The other major storyline in the book featured Lydia's sister Margaret, whose daughter suffered a horrendous carjacking attack, and the whole family was left to pick up the pieces and deal with the consequences. Margaret is a kind of extreme character in terms of her reactions, but mostly they were understandable, just taken a step too far.

The fourth member of the group is Suzanne who is the owner of the new florist that has recently opened in the street, but I was left wondering if maybe there was some storyline edited out of the final cut about Suzanne because she was kind of just there!

I am not a knitter at all, so I guess I don't necessarily feel the same affection for the role of the knitting in the story, but as a group of stories about the strength and power of female friendship, then the three books in the series are a fun read and easy enough to read through in one sitting. Macomber left the ending open enough for at least on more knitting book, and I guess I will be reading it if it comes out!

Rating 4/5

Other Blogger's Thoughts:

Passion for the Page


  1. I haven't read this one yet, but I did read the other Blossom Street books and truly enjoyed them. I love the relationships that develop throughout.

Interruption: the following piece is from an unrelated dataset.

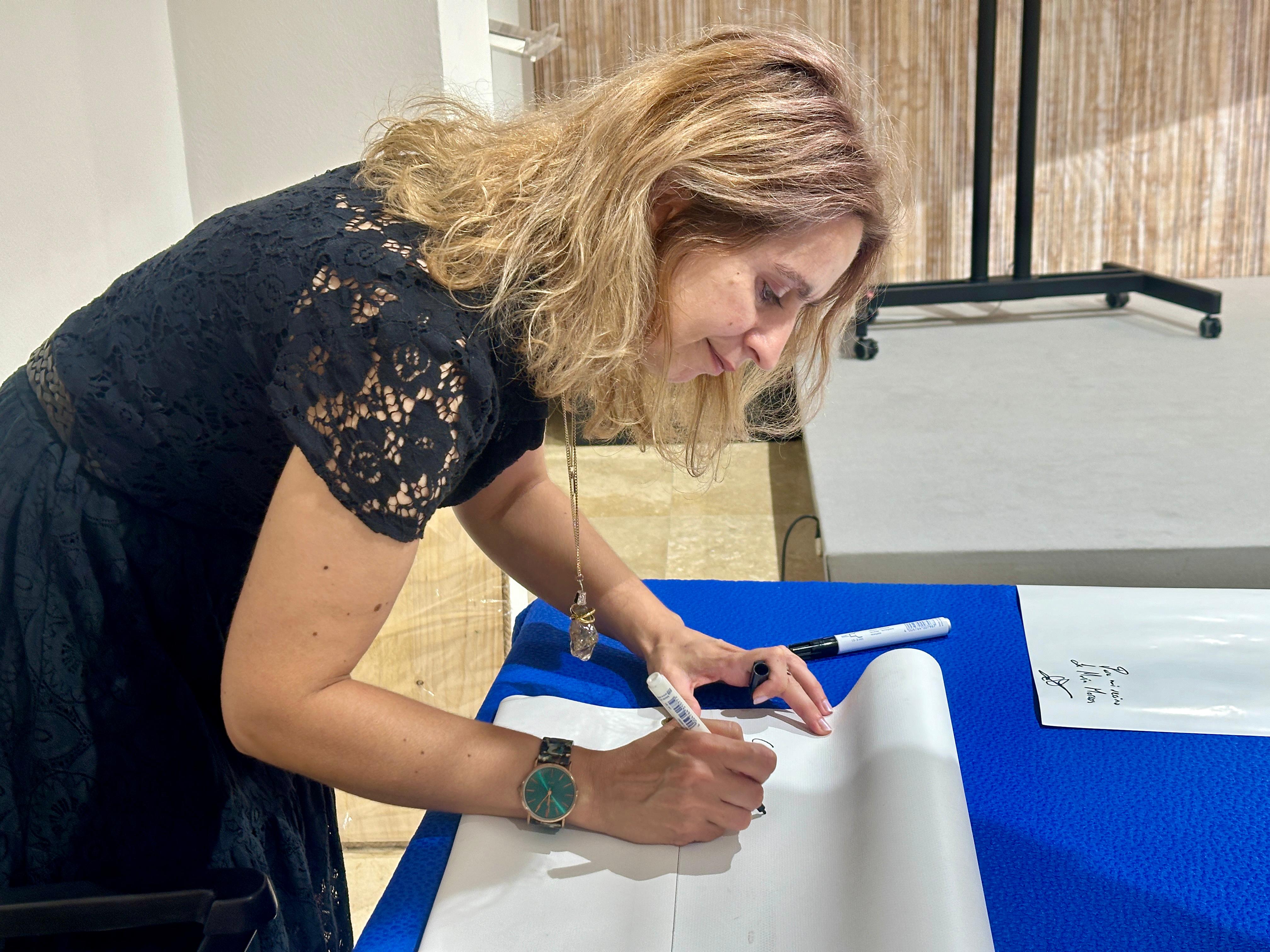 Patricia firmó ayer numerosas copias de su cartel de las fiestas del Carmen

    But isn't there a book featuring Suzanne? Suzanne's Garden, I think. I bought it, started reading it, then set it aside and haven't picked it back up yet. I've found DM to be really hit or miss for me, and SG seemed like a miss, but since I only read a couple chapters (if that) I can't say for sure.

  2. Ah well...if there's a book about Suzanne then that makes more sense!


  3. I have heard good reviews of this book by knitters, as well. I just may have to find a copy to read.
    I have never read any of Debbie Macomber's books but I did notice the huge collection of them at the library today.

  4. I don't know that it makes a huge difference if you're a knitter or not except that maybe you can just relate to that part a little better. I agree it's really about women's relationships. I've loved all of the books and I'm hoping that there are still more in store in the series.

    As for Susannah's Garden, it wasn't one of my faves at all. The women as a group are better written about then going off with just one.